> _Work required_
Please write out exactly, without any picture, each line from the first in the listing through the line that includes "陸上用の ゴムチッププレーン".

> _Supplied records_
☆ ☆ ☆
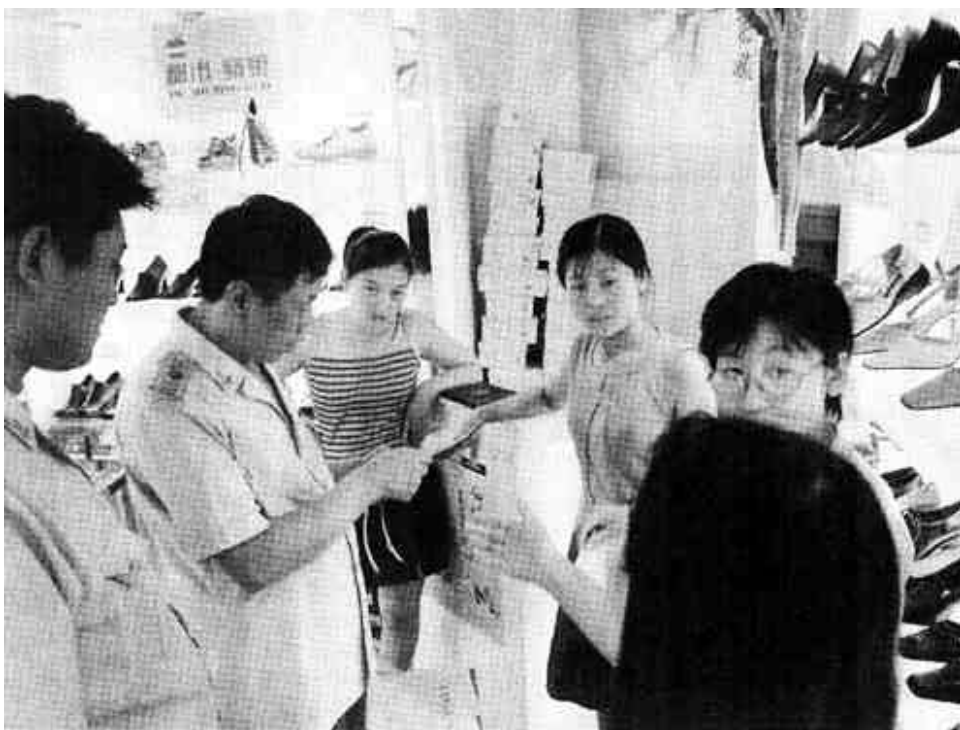
7月11日,市消费者协会接到投诉,西城某鞋店没有履行承诺,致使顾客买了几天的鞋子“开帮”,店方缝合后承诺若再开裂“包退”。但是几天后鞋子又开帮,当顾客又来到鞋店交涉时被店方断然否认以上承诺。无奈之下,顾客只好通过“12315”告到了消协,得到了满意处理,维护了消费者的合法权益。 (延智)

这时贪婪的小偷正在搜寻下一个行窃目标。当发现突然到来的武警战士时,扭头向东快步离去。老大爷手指这个仓惶而逃的青年人向战士喊:“就是他——他偷了我的钱!”这时教练周庆彬大喊一声:“哪里跑!”穷凶恶极的小偷见势不妙,一边没命地逃窜,一边将偷来的钱向后猛摔,妄图乘机逃跑。战士梁海明不顾一切、奋起直追。当快要追上时,梁海明一个前扑,一拳打在小偷的后背,未等小偷站稳,梁海明又一个左侧拳,右脚一个漂亮的勾踢,将小偷打倒在地。这时,从后面赶过来的战士一同把小偷擒获,把小偷抛洒在地的人民币一张不少地捡了起来,并拨打了“110”报警电话,将小偷移交给了当地警方……。(吴南 清国)
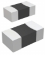
V18AUMLA1206NA Littelfuse Inc. VARISTOR 27.5V 1206
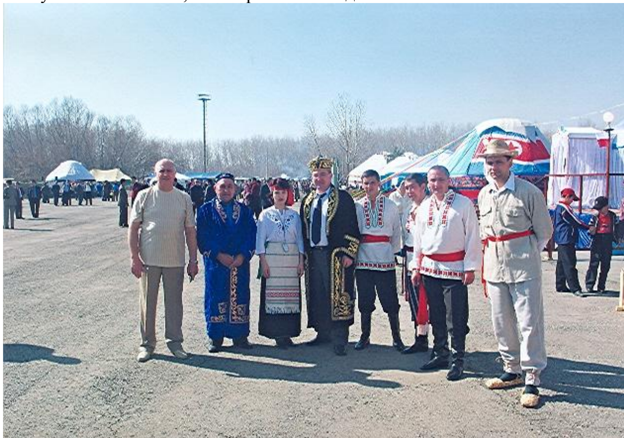
Белорусы-казахи – дружба навек.

Доброй традицией Центра является чествование ветеранов Великой Отечественной войны - освободителей Белоруссии. Около 600 из них удостоены юбилейной медали «60 лет со дня освобождения Белоруссии от фашистских захватчиков». Активное участие члены Центра принимают в общественной и культурной жизни области, в проведении областных фестивалей, творческих конкурсов, народных гуляний. Тесное сотрудничество налажено Центром с Посольством Республики Беларусь в Республике Казахстан, с исторической Родиной.
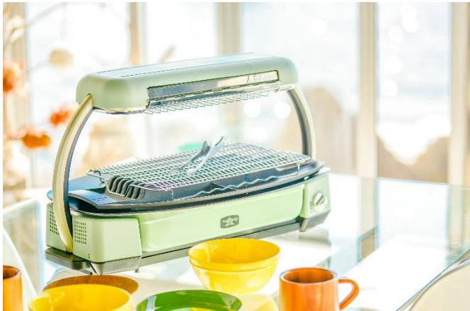
室内で暖かくBBQを楽しめます
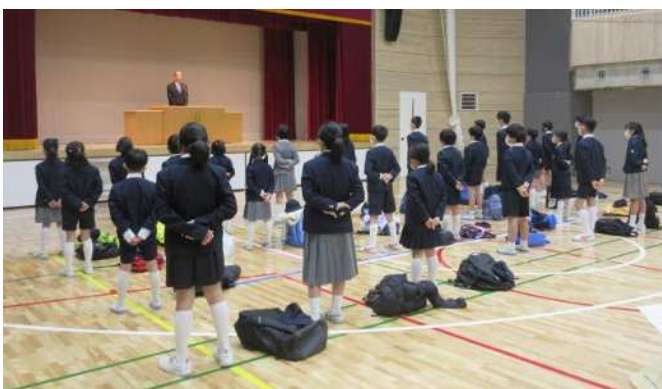
3学期のスタート！ 【城東小体育館にて】
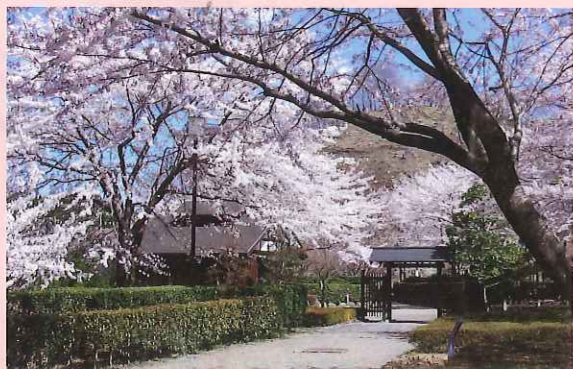
見本庭園 (第2の広場)
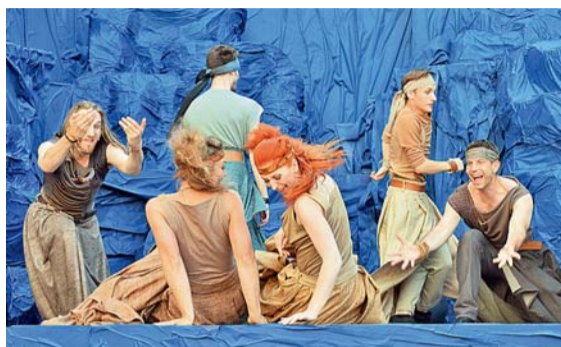
▲ Královské sestry. Přišla i Živa se umí bavit. Oproti nejmladší Mahuleně jsou však chladné a zlé.

Nezapomenutelné melodie Petra Ulrycha s krásnými texty Stanislava Moší můžete na Biskupském dvoře zhlédnout ještě 3.–7. července. (LUK)
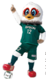
松本山雅FC オフィシャルマスコット ガンズくん ©松本山雅 FC
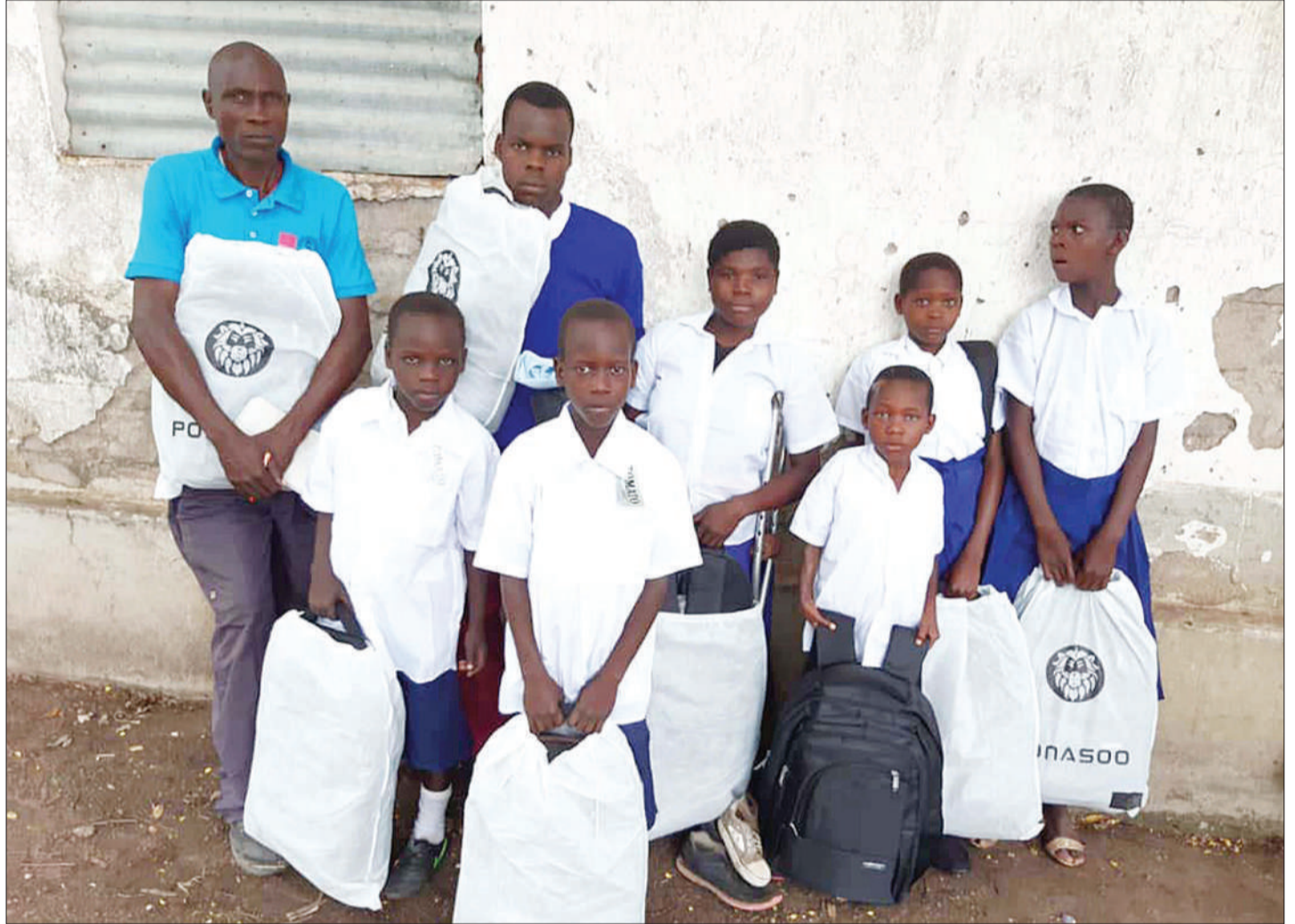
Baadhii ya walemavu wa Kata ya Makojo waliopata msaada.
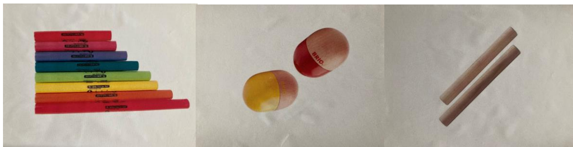
Obrázek 6 – Obrázky hudebních nástrojů
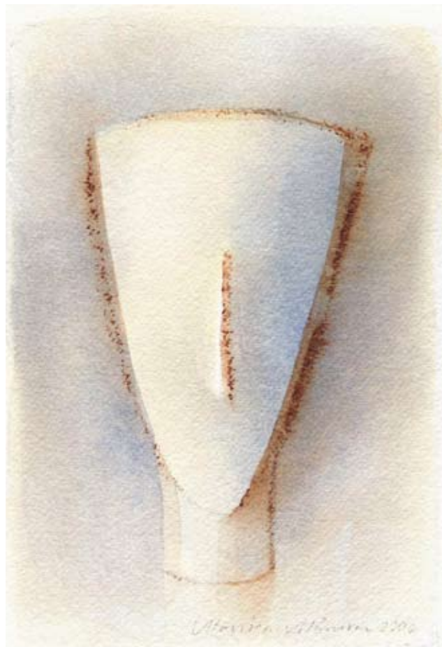
Ansikte, 22x15 cm, 2006

I de här nyare målningarna är färgerna ibland kraftfullare och mera kontrastrika än i de skålar och ansikten jag ser hos henne. Jo visst kan hon gå upp i framför allt blått, hon använder gärna ultramarin (French Ultramarine). Och då dämpar hon helst den kraftiga valören med att lägga en glasskiva över akvarellen, för att den inte ska skrika för mycket.
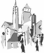
St. Marien und St. Katharina Bad Soden

Pfarreien im Pastoralen Raum Main-Taunus-Ost
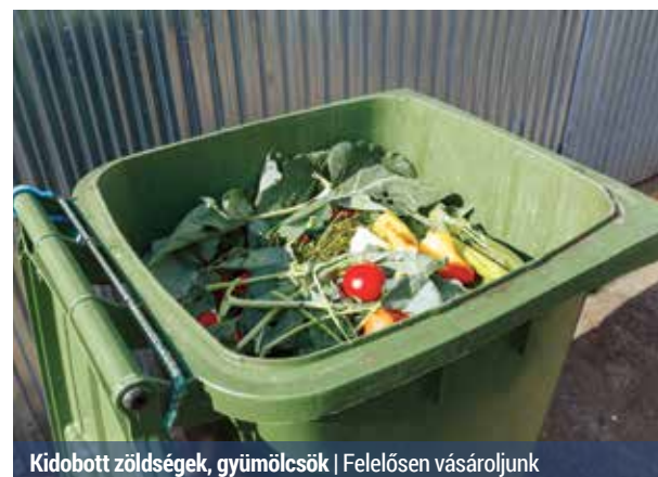
Kidobott zöldségek, gyümölcsök | Felelősen vásároljunk

Sőt, a probléma hazánkat sem kerüli el. A legutóbbi táplálkozás felmérés adatai szerint ugyan a felnőtt lakosság több mint 60 százaléka túlsúlyos vagy elhízott, addig más felmérések arra is rámutatnak, hogy a gyerekek körében megjelenik az alultápláltság.
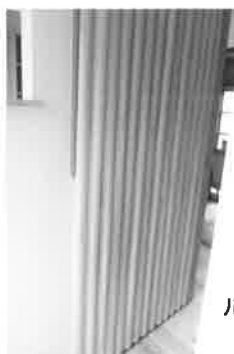
ルーバー / タルキ 北山杉
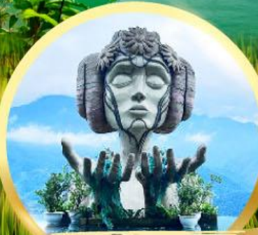
โมอาน่า ซาปา คาเฟ่
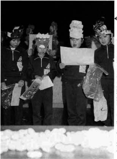
自分の悪い鬼を発表する寺小児童
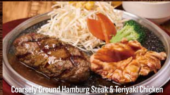
Coarsely Ground Hamburg Steak & Teriyaki Chicken
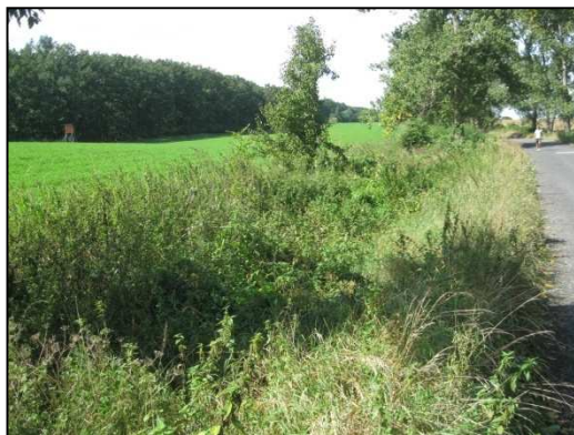
Obr.č.18. Začátek úseku na západní straně
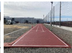
陸上用の ゴムチッププレーン
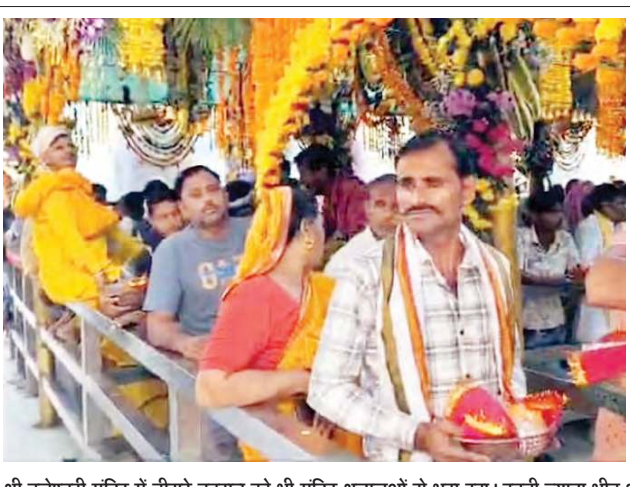
श्री ब्रजेश्वरी मंदिर में तीसरे नवरात्र को भी मंदिर श्रद्धालुओं से भरा रहा। इतनी ज्यादा भीड़ थी कि परिसर में घेर रखने के लिए जगह नहीं थी। श्रद्धालुओं ने लाइनों में खड़े होकर अपनी बारी का इंतजार किया।

जगह नहीं थी। सुबह से ही श्रद्धालु मुख्य तहसील चौक से लेकर मां के दरबार में डोल-नगाड़े बजाते हुए नाचते-गाते मां के दरबार में पहुंचे। मंदिर में इतना रथ था कि श्रद्धालुओं की लाइन मंदिर के मुख्य गेट तक पहुंच गई थी। मंदिर के प्रांगण में शनिवार को बीआरसी सराय वालों ने दूर-दूर से आए श्रद्धालुओं के लिए भंडारे का आयोजन किया था। इसमें पूरी चने, कड़ी चावल, आलू मटर, चटनी, रायता, और मीठे में
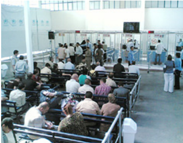
لاجن عراقي في مركز تسجيل تابع للمفوضية العليا في دمشق

تستمر المفوضية السامية لشؤون اللاجئين في القيام بأنشطتها دعماً للاجئين العراقيين في سوريا. ولكن التمويل المتفق عليه لعام ٢٠٠٩ هو تقريباً نصف الميزانية التشغيلية لعام ٢٠٠٨ واضطرت المفوضية السامية لشؤون اللاجئين إلى إرجاء العديد من الأنشطة إلى حين تحسن التمويل خلال السنة.
☆ ☆ ☆
> _Solved problem_
7月11日,市消费者协会接到投诉,西城某鞋店没有履行承诺,致使顾客买了几天的鞋子“开帮”,店方缝合后承诺若再开裂“包退”。但是几天后鞋子又开帮,当顾客又来到鞋店交涉时被店方断然否认以上承诺。无奈之下,顾客只好通过“12315”告到了消协,得到了满意处理,维护了消费者的合法权益。 (延智)

这时贪婪的小偷正在搜寻下一个行窃目标。当发现突然到来的武警战士时,扭头向东快步离去。老大爷手指这个仓惶而逃的青年人向战士喊:“就是他——他偷了我的钱!”这时教练周庆彬大喊一声:“哪里跑!”穷凶恶极的小偷见势不妙,一边没命地逃窜,一边将偷来的钱向后猛摔,妄图乘机逃跑。战士梁海明不顾一切、奋起直追。当快要追上时,梁海明一个前扑,一拳打在小偷的后背,未等小偷站稳,梁海明又一个左侧拳,右脚一个漂亮的勾踢,将小偷打倒在地。这时,从后面赶过来的战士一同把小偷擒获,把小偷抛洒在地的人民币一张不少地捡了起来,并拨打了“110”报警电话,将小偷移交给了当地警方……。(吴南 清国)
V18AUMLA1206NA Littelfuse Inc. VARISTOR 27.5V 1206
Белорусы-казахи – дружба навек.

Доброй традицией Центра является чествование ветеранов Великой Отечественной войны - освободителей Белоруссии. Около 600 из них удостоены юбилейной медали «60 лет со дня освобождения Белоруссии от фашистских захватчиков». Активное участие члены Центра принимают в общественной и культурной жизни области, в проведении областных фестивалей, творческих конкурсов, народных гуляний. Тесное сотрудничество налажено Центром с Посольством Республики Беларусь в Республике Казахстан, с исторической Родиной.
室内で暖かくBBQを楽しめます
3学期のスタート！ 【城東小体育館にて】
見本庭園 (第2の広場)
▲ Královské sestry. Přišla i Živa se umí bavit. Oproti nejmladší Mahuleně jsou však chladné a zlé.

Nezapomenutelné melodie Petra Ulrycha s krásnými texty Stanislava Moší můžete na Biskupském dvoře zhlédnout ještě 3.–7. července. (LUK)
松本山雅FC オフィシャルマスコット ガンズくん ©松本山雅 FC
Baadhii ya walemavu wa Kata ya Makojo waliopata msaada.
Obrázek 6 – Obrázky hudebních nástrojů
Ansikte, 22x15 cm, 2006

I de här nyare målningarna är färgerna ibland kraftfullare och mera kontrastrika än i de skålar och ansikten jag ser hos henne. Jo visst kan hon gå upp i framför allt blått, hon använder gärna ultramarin (French Ultramarine). Och då dämpar hon helst den kraftiga valören med att lägga en glasskiva över akvarellen, för att den inte ska skrika för mycket.
St. Marien und St. Katharina Bad Soden

Pfarreien im Pastoralen Raum Main-Taunus-Ost
Kidobott zöldségek, gyümölcsök | Felelősen vásároljunk

Sőt, a probléma hazánkat sem kerüli el. A legutóbbi táplálkozás felmérés adatai szerint ugyan a felnőtt lakosság több mint 60 százaléka túlsúlyos vagy elhízott, addig más felmérések arra is rámutatnak, hogy a gyerekek körében megjelenik az alultápláltság.
ルーバー / タルキ 北山杉
โมอาน่า ซาปา คาเฟ่
自分の悪い鬼を発表する寺小児童
Coarsely Ground Hamburg Steak & Teriyaki Chicken
Obr.č.18. Začátek úseku na západní straně
陸上用の ゴムチッププレーン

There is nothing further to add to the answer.